= Assigned task =
After finding the line containing "這款應用程式的學習重點包括現" below, please output that line and each following one through the line containing "Рис. 8. Влияние", exactly as written.

= Task data =

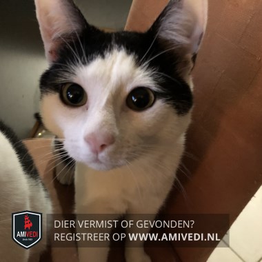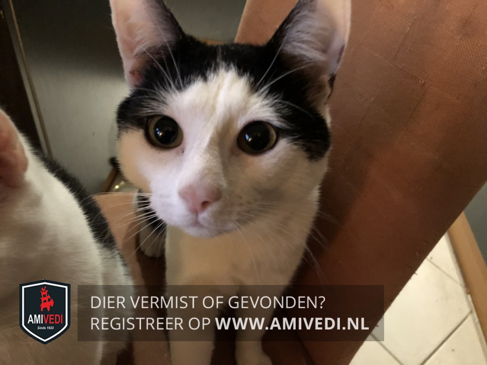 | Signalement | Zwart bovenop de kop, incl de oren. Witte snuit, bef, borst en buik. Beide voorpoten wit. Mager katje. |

...

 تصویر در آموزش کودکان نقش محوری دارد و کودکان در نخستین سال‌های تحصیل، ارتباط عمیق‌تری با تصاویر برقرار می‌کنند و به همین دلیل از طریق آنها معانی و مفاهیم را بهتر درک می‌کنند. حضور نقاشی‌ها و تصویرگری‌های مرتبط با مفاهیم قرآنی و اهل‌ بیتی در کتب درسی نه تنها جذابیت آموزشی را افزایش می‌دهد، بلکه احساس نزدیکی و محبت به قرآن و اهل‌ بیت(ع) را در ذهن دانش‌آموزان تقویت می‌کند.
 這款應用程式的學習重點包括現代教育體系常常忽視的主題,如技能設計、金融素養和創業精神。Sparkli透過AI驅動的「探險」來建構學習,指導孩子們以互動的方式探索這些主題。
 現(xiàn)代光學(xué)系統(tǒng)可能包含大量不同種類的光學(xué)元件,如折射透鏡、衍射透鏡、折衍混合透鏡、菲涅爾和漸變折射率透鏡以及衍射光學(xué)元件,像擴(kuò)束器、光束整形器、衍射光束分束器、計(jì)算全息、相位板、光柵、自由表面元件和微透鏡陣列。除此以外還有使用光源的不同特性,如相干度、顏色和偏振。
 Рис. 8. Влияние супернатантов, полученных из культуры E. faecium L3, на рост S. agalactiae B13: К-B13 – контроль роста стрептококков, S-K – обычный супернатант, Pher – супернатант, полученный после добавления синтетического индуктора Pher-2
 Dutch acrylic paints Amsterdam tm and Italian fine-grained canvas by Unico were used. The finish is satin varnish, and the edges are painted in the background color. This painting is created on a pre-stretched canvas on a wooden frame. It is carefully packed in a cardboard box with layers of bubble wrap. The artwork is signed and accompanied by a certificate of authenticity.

= Exercise response =
 這款應用程式的學習重點包括現代教育體系常常忽視的主題,如技能設計、金融素養和創業精神。Sparkli透過AI驅動的「探險」來建構學習,指導孩子們以互動的方式探索這些主題。
 現(xiàn)代光學(xué)系統(tǒng)可能包含大量不同種類的光學(xué)元件,如折射透鏡、衍射透鏡、折衍混合透鏡、菲涅爾和漸變折射率透鏡以及衍射光學(xué)元件,像擴(kuò)束器、光束整形器、衍射光束分束器、計(jì)算全息、相位板、光柵、自由表面元件和微透鏡陣列。除此以外還有使用光源的不同特性,如相干度、顏色和偏振。
 Рис. 8. Влияние супернатантов, полученных из культуры E. faecium L3, на рост S. agalactiae B13: К-B13 – контроль роста стрептококков, S-K – обычный супернатант, Pher – супернатант, полученный после добавления синтетического индуктора Pher-2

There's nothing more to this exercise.